───── Supplied entries ─────

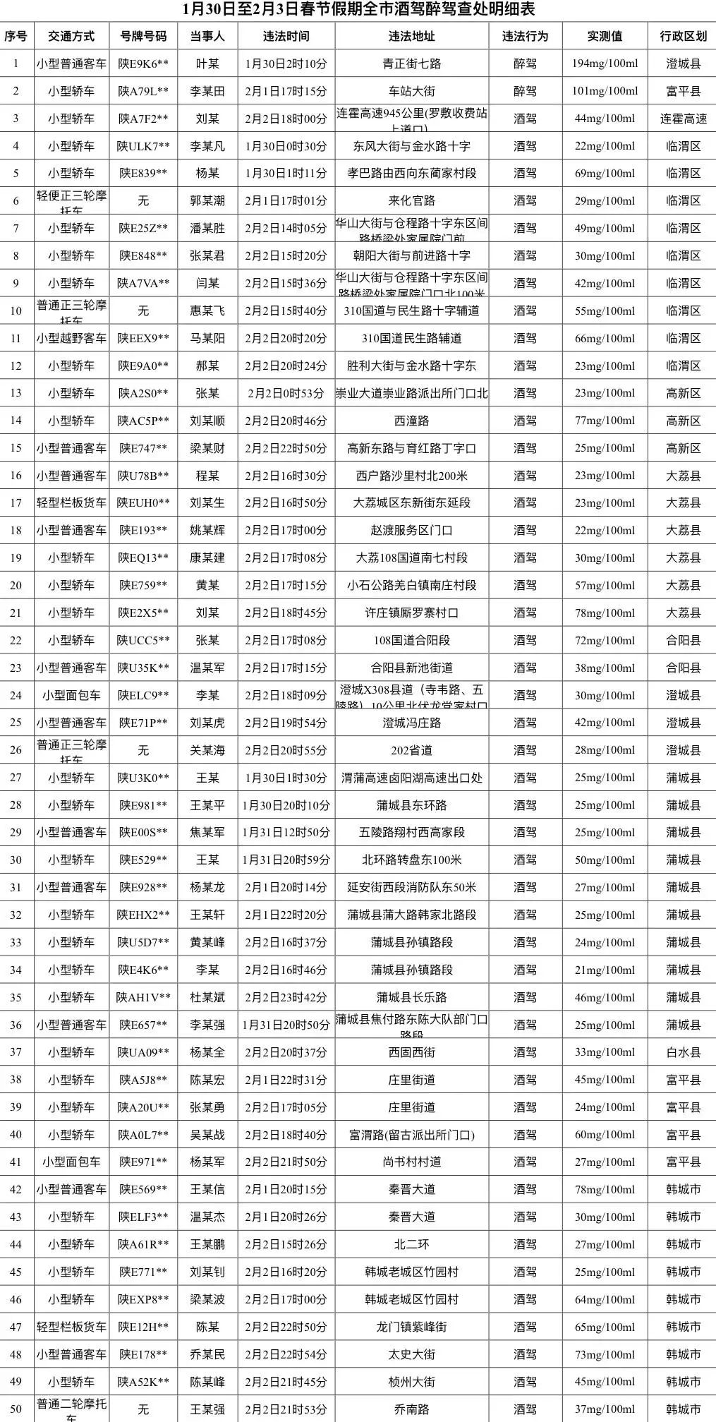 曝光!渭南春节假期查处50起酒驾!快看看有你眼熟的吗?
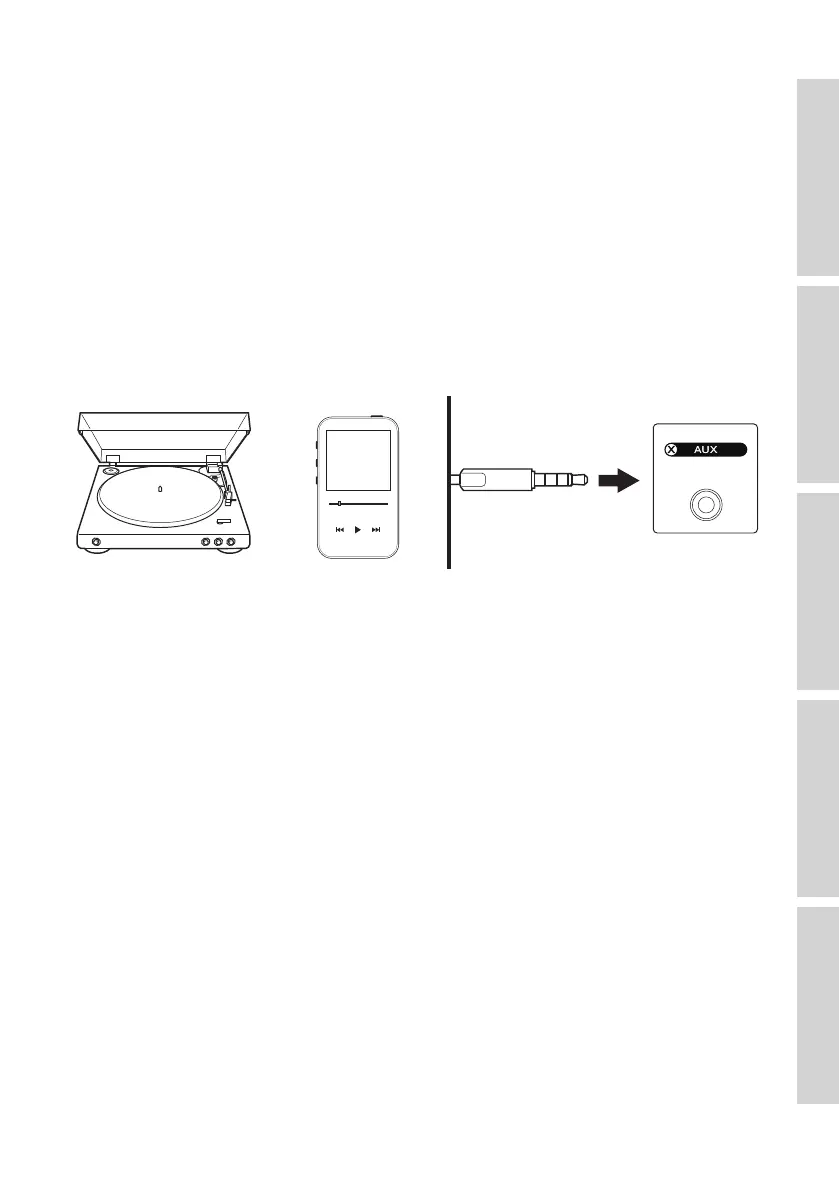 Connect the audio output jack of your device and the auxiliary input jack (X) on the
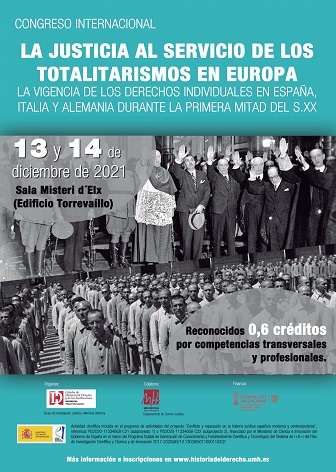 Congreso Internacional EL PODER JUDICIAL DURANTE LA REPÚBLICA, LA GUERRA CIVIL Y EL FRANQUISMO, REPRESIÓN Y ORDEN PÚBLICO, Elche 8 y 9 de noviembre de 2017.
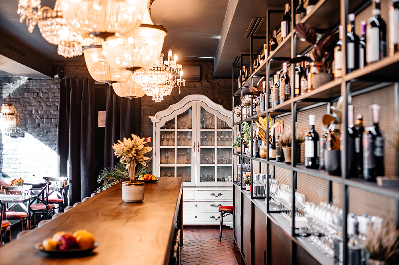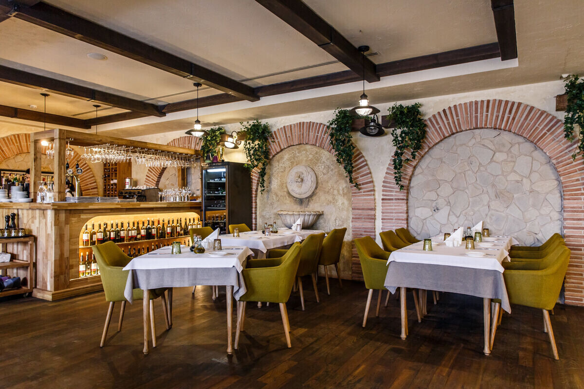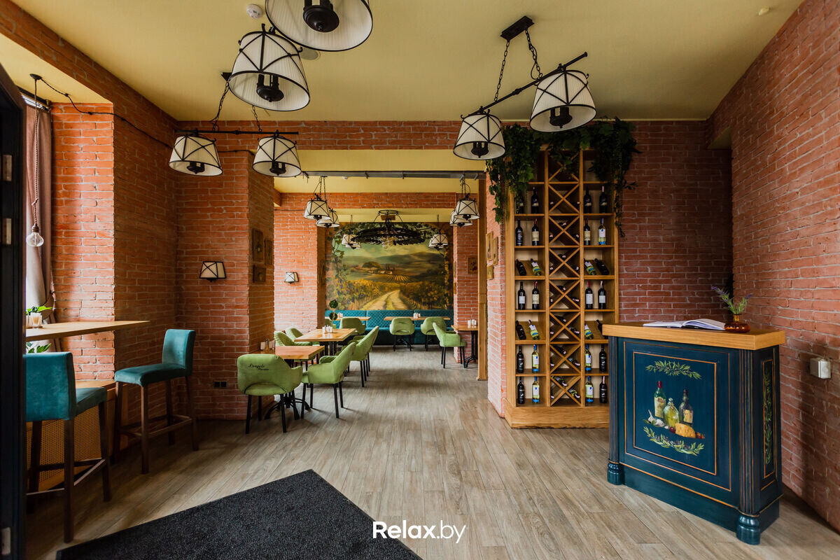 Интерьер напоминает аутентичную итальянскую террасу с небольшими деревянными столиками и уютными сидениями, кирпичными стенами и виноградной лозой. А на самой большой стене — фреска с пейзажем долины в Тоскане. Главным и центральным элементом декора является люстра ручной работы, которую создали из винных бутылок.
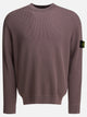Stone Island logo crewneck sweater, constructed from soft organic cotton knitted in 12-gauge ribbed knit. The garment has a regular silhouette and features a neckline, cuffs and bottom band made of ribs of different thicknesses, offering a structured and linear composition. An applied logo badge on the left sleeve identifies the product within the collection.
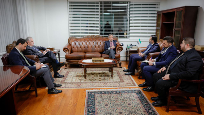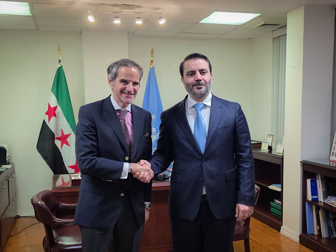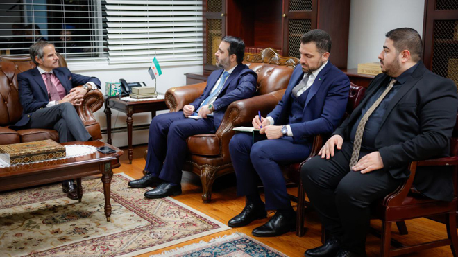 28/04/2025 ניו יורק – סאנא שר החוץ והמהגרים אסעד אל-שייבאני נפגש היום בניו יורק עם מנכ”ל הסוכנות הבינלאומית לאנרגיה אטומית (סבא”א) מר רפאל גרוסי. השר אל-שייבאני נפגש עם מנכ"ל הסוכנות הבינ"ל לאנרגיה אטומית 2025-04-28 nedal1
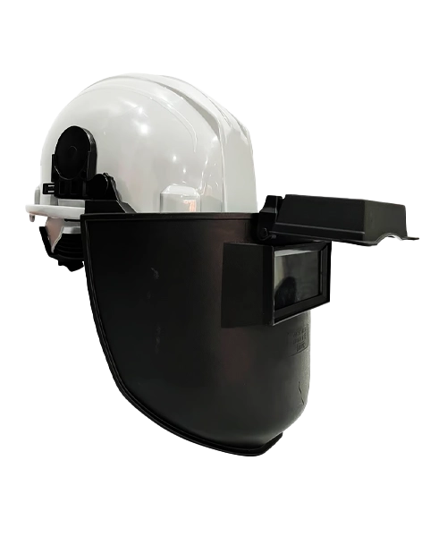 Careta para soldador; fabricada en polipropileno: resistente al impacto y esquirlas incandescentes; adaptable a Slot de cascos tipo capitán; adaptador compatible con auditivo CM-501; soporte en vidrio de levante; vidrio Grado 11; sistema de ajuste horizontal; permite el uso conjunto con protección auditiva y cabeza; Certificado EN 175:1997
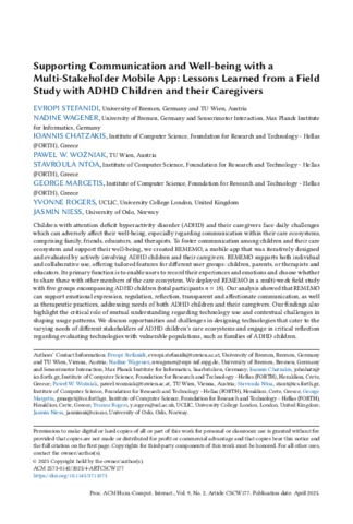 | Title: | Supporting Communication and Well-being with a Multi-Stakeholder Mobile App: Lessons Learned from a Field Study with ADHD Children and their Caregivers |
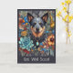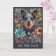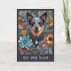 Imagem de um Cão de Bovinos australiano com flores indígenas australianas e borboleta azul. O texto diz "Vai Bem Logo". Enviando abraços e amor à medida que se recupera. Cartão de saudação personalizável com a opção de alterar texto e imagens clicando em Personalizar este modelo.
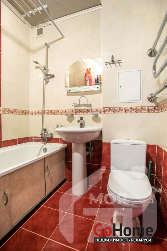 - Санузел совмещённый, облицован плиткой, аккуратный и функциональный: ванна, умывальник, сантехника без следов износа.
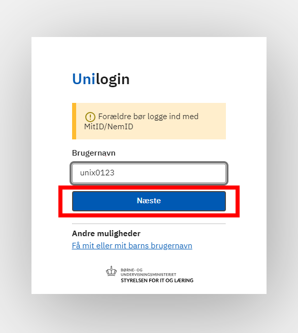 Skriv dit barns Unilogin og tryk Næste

─────

- _What the task asks_
Your reply should hold only the lines from the one that contains "Интерьер напоминает аутентичную" through the last line of the records above, exact and complete, and no pictures.

- _Answer_
 Интерьер напоминает аутентичную итальянскую террасу с небольшими деревянными столиками и уютными сидениями, кирпичными стенами и виноградной лозой. А на самой большой стене — фреска с пейзажем долины в Тоскане. Главным и центральным элементом декора является люстра ручной работы, которую создали из винных бутылок.
Stone Island logo crewneck sweater, constructed from soft organic cotton knitted in 12-gauge ribbed knit. The garment has a regular silhouette and features a neckline, cuffs and bottom band made of ribs of different thicknesses, offering a structured and linear composition. An applied logo badge on the left sleeve identifies the product within the collection.
 28/04/2025 ניו יורק – סאנא שר החוץ והמהגרים אסעד אל-שייבאני נפגש היום בניו יורק עם מנכ”ל הסוכנות הבינלאומית לאנרגיה אטומית (סבא”א) מר רפאל גרוסי. השר אל-שייבאני נפגש עם מנכ"ל הסוכנות הבינ"ל לאנרגיה אטומית 2025-04-28 nedal1
 Careta para soldador; fabricada en polipropileno: resistente al impacto y esquirlas incandescentes; adaptable a Slot de cascos tipo capitán; adaptador compatible con auditivo CM-501; soporte en vidrio de levante; vidrio Grado 11; sistema de ajuste horizontal; permite el uso conjunto con protección auditiva y cabeza; Certificado EN 175:1997
 | Title: | Supporting Communication and Well-being with a Multi-Stakeholder Mobile App: Lessons Learned from a Field Study with ADHD Children and their Caregivers |
 Imagem de um Cão de Bovinos australiano com flores indígenas australianas e borboleta azul. O texto diz "Vai Bem Logo". Enviando abraços e amor à medida que se recupera. Cartão de saudação personalizável com a opção de alterar texto e imagens clicando em Personalizar este modelo.
 - Санузел совмещённый, облицован плиткой, аккуратный и функциональный: ванна, умывальник, сантехника без следов износа.
 Skriv dit barns Unilogin og tryk Næste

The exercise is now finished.